4- Hard to say. I always go out for a ride because I think I'll have fun. If I don't feel it'll be fun, I'll do something else. That's good for mental health I think, and the physical effort is also fun.
As an older “athlete” my goals and vision of fitness are ever evolving but the trend is to think about it as a long term project with less focus on specific events or outcomes. Racing is becoming more intermittent while the desire to adventure increases.
To answer your questions
- Fitness to me is a never ending alchemy of a. performance as a blend of watts per kg, robustness and repeatability b. mid to long term health (body weight/wellness etc.) and c. being a capable human beyond the bike in other outdoor activities (running, ski touring, building things, landscaping etc.)
- I use a periodized on the bike training plan that includes a variety of training zones and is not wholly focused on zone 2. I will generally have 2 endurance focused days and 2 higher intensity days that vary through the progression from sweet spot to threshold to VO2 max depending on the schedule. My body seems to respond well to the high intensity work and being older I loose the snap quickly if I’m not training it. Some of my unstructured rides, specifically on the gravel bike will also fall into the endurance zones.

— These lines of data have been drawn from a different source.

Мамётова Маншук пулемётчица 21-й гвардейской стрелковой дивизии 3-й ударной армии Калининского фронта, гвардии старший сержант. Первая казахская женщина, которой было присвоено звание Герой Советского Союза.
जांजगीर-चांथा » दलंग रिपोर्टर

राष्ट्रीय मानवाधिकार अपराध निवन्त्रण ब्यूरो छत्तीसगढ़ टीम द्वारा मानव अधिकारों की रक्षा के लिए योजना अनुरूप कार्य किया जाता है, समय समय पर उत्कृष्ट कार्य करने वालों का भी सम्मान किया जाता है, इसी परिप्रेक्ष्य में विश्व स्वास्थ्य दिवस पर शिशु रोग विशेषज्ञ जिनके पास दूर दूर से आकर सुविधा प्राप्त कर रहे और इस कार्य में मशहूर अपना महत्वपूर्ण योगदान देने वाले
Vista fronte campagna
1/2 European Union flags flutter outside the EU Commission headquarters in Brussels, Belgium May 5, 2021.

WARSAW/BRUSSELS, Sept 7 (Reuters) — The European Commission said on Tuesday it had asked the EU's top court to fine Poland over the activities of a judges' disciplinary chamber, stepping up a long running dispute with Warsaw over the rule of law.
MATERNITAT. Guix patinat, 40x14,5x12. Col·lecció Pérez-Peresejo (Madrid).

Unstructured MTB rides are hard to classify but can fall into that zone. I will occasionally use an emtb as a training tool to increase my descending reps but don’t usually track power output.
- depends on the time of year but when I’m on it in the offseason I am on the trainer 5.5hrs a week, in the gym 2-3 days a week, some kind of mobility work wherever possible and supplement with outdoor rides when the weather permits. In season I try to keep the gym work to at least 2 days a week, ride outside anywhere from 4-10 hrs (2-3 are emtb) and add in periodic trainer sessions when I can’t get outside ride. Intermittently I have been adding a HYROX style workout to my gym routine to break things up. I don’t know if it’s the years of endurance sport but these workouts make me feel good for the rest of the day and don’t impact the next days workout.

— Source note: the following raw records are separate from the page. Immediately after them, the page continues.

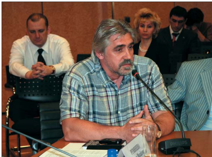
Ю. П. Голицын

твенных продуктов и практически кормила всю Европу. Нельзя сказать, что дореволюционная Россия придерживалась лозунга «Не доедим, но вывезем». Это относится к 80-м–90-м гг. XIX в., когда реформа Столыпина ещё не была осуществлена и даже задумана.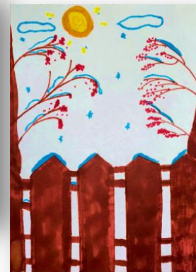
Рис. Софии Попович, 5В

Холодный воздух морозит лица вышедших на улицу людей. По мне, это лучше, чем жаркая температура лета. Дети, одетые как капуста, катаются со снежных горок. Горки бывают с кочками, прямые, волнистые, очень-очень длинные и короткие. Я это помню еще со времён, когда тоже каталась с них.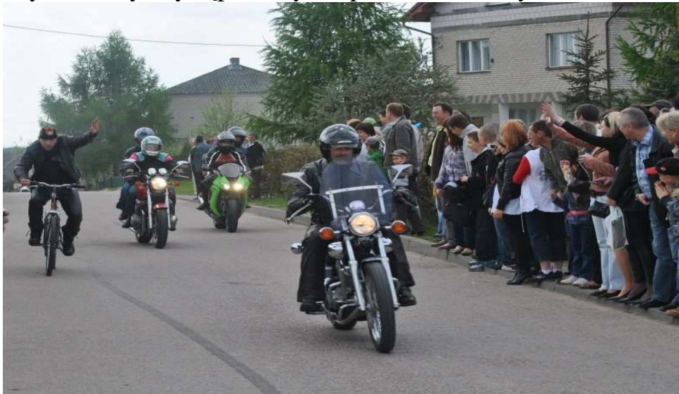
Fragment kordonu motocykli – Dni Kazanic maj 2010 r.

Szkoła w Kazanicach jest miejscem integracji mieszkańców, na jej terenie odbywają się dożynki gminne, festyny, imprezy sportowe, choinki noworoczne, inne imprezy okolicznościowe oraz corocznie przy współudziale mieszkańców wsi organizowane są Dni Kazanic, które cieszą się różnymi atrakcjami. Punkt centralny imprezy znajduje się na terenie szkoły oraz na pobliskim boisku do piłki nożnej, gdzie gromadzą się mieszkańcy wsi i okolic, integrując się podczas rozgrywanych meczy, występów czy też pokazów motocykli.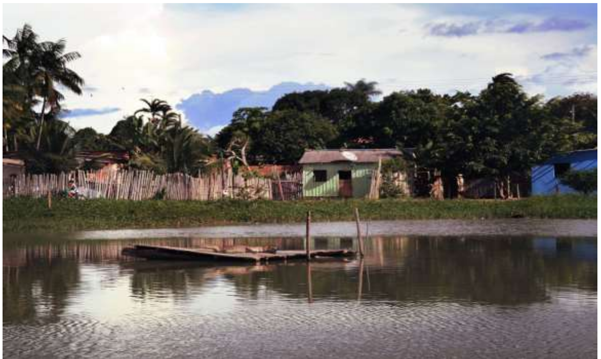
Lagoa do Bairro Paulo Corrêa. Parintins - AM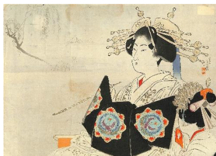
44. 水野年方 3. 濃艶美人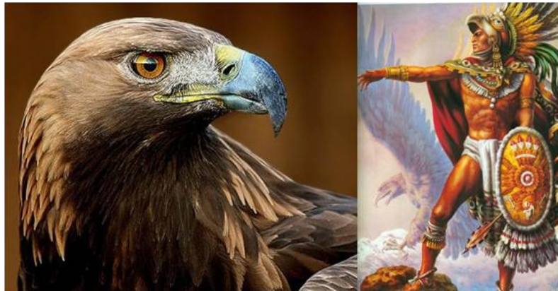
Imagen 5. Águila real y representación de guerrero águila azteca

Tal fue la importancia de éstos dos animales en las culturas mesoamericanas, que en algunas de ellas, los grupos militares eran condecorados con los nombres de estos animales.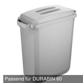
Passend für DURABIN 60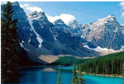
ภูเขาเทียนชาน

พักที่ MERCURE HOTEL โรงแรมระดับ 4 ดาวท้องถิ่นหรือเทียบเท่าในเมืองอูรูมูฉี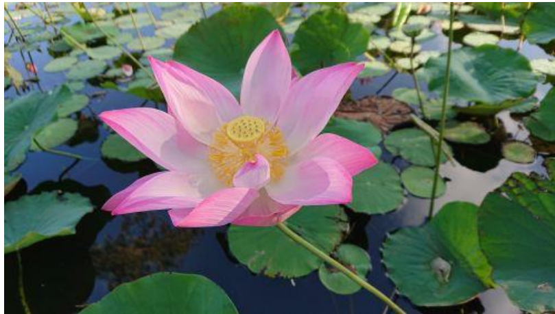
Hoa sen tại Khai Long (6)

Khi đến Đất Mũi, tôi vui mừng và thầm cảm ơn chị N.A. đã chọn khu du lịch Khai Long để đoàn dừng chân nghỉ đêm và tham quan. Khu du lịch này nằm trong một vùng đất rộng lớn với nhiều cây xanh, rạch nước, hồ sen hoa nở sắc màu.

- 99% of my time on the MTB/EMTB is “fun” (type 2 fun count?) focused but in order to a skilled, robust and durable mountain biker you have to mountain bike so that fun has some training effect even if it doesn’t increase FTP. If I want to train outside it will usually be on a drop bar bike.
Super curious about where you may be going with this.
Thanks for response! As mentioned, I'm just curious to better understand what matters to riders in making their decisions, 'eMTB vs MTB', 'fitter vs funner', 'what they consider fitter', etc.
Again, thanks for input! I'm just curious to better understand what matters to riders in making their decisions, 'eMTB vs MTB', 'fitter vs funner', 'what they consider fitter', etc. Where am I going with this....no where at the moment. Just trying to understand you enthusiasts better. Probably have some additional input and thoughts after hearing from more. Cheers.